The risk of Comcast’s home hotspot feature

This week I got a letter from Comcast informing me of a new feature:

Your XFINITY® Wireless Gateway broadcasts an additional “xfinitywifi” network signal for use with XFINITY WiFi. This creates an extension of the XFINITY WiFi network right in your home that any XFINITY Internet subscriber can use to sign in and connect.

In other words, Comcast is turning its customers’ cable modems into WiFi hotspots that other customers can use. They provide assurances that “we anticipate minimal impact to the in-home WiFi network.” In my case, that’s probably true. I live in a condominium, and any other Comcast customers in Wi-Fi range presumably have their own equipment. Still, there is a risk. The police are sometimes dumb when investigating criminal activity that’s been connected to an IP address and assume that the holder of the address is responsible for anything that goes through. I wouldn’t want my house raided and my computer impounded if someone accessed child porn through my equipment.
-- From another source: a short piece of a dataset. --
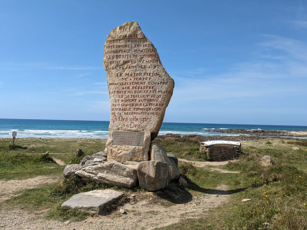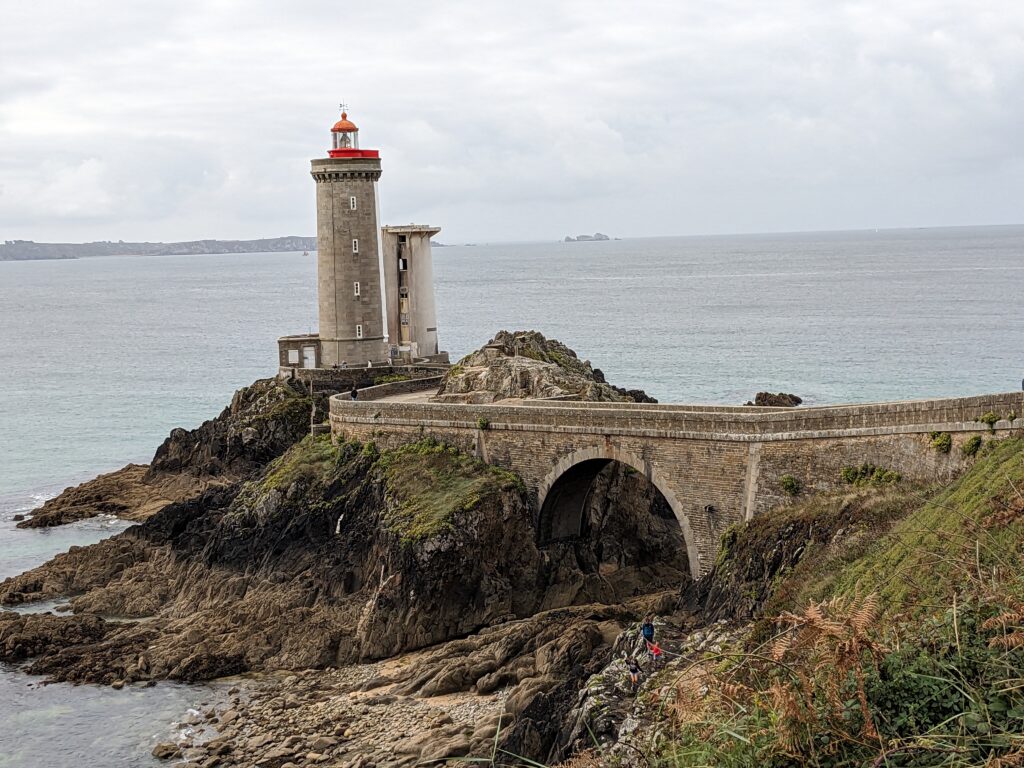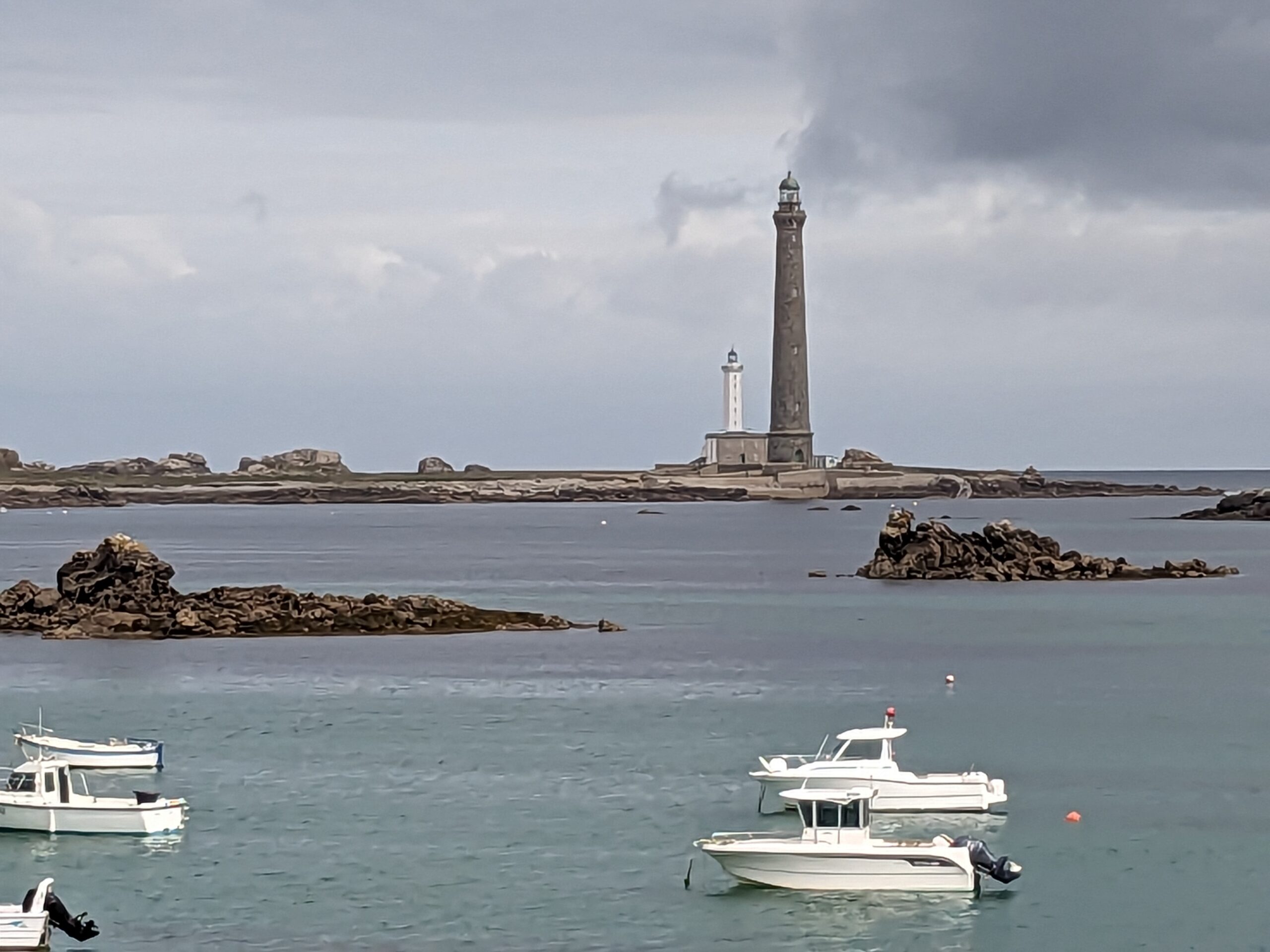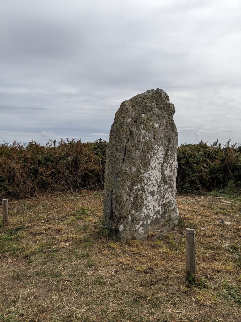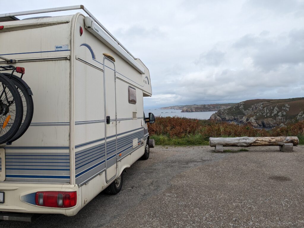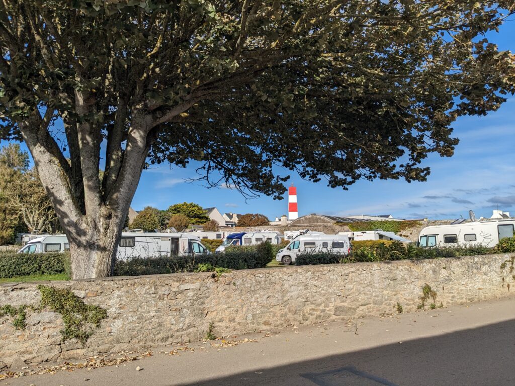 Heute ist das Wetter bewölkt und morgens haben wir nur 16 Grad, aber es ist trocken. Also alles gut. Wir starten Richtung Lilia. Es stehen Leuchttürme auf unserem Programm. Aber viel wichtiger ist die Baguette-Versorgung. Auch das ist hier kein Problem, nach ein paar km gibt es einen geöffneten Supermarkt! (Sonntags bis 13:00, ist hier ganz normal) Dann unser erstes Ziel. Der Phare de l’Ile Vierge. Mit knapp 83m der höchste Leuchtturm Europas. Wir müssen zwar etwas entfernt parken und den Rest zu Fuß gehen, aber es gibt Parkplätze, auch für Wohnmobile! Kostenlos! Nach dem Fototermin, fahren wir weiter Richtung Phare de Kermorvan. Aber vorher noch Mittagspause am einem Menhir bei Plouguin. Die Straße ist zwar etwas eng, aber parken geht. Frisch gestärkt geht es weiter. Vorbei am traumhaften Plage des Blancs Sablons zum Parkplatz des Leuchtturms. Es ist Sonntagnachmittag. Trotzdem finden wir ein Plätzchen zum Parken. Wieder kostenlos. Nur Campen dürfen wir nicht. Also einen Espresso aus der Akkumaschine und los. 15 Minuten und einen Menhir später stehen wir am Leuchtturm. Der ist gegen den anderen voll niedlich. Nach ausgiebiger Betrachtung traben wir zurück und fahren 11km zum Point St. Mathieu. Hier wartet ein Leuchtturm in einer Klosterruine und ein Labcache auf uns. Auch hier gibt es genügend Parkraum, auch für uns – und wieder: gratis! Schließlich sind genügend Fotos von diesem besonderen Ort gemacht und der Cache gelöst. Jetzt steht das Problem des Schlafplatzes an. Aber wir haben Glück, nur 5,4 km entfernt gibt es einen Stellplatz (90 Plätze) für 11,50€ mit Strom, einer Dusche, einem WC und einem Behinderten WC, sowie 10 Min. Frischwasser. Das Beste aber ist, die Aussicht auf die Halbinsel Crozon. Leider verschwindet der Abend im britischen, ach nein, bretonischen Landregen.

For reasons I don’t understand, unless it’s just to make it difficult, you can’t opt out online; you have to call 855-845-6834. I did that, and the process was reasonably straightforward. One thing I didn’t like was that I was asked to give the last four digits of my Social Security Number (or my “social,” as people like to call it when they want you to feel comfortable about giving it to them). I wasn’t asked for my Comcast account number. There’s really no excuse for asking for a Social Security Number for anything that doesn’t involve a financial transaction or official government business. Give the last four digits, and the search space is reduced to 100,000 possibilities.

As a related issue, I might have occasion to use Comcast’s Xfinity hotspots, and I wonder how I’m supposed to tell a real one from a spoof. Anyone can call their hotspot “xfinitywifi” and set it up to ask for a Comcast username and password. It’s inevitable that some crooks will try it.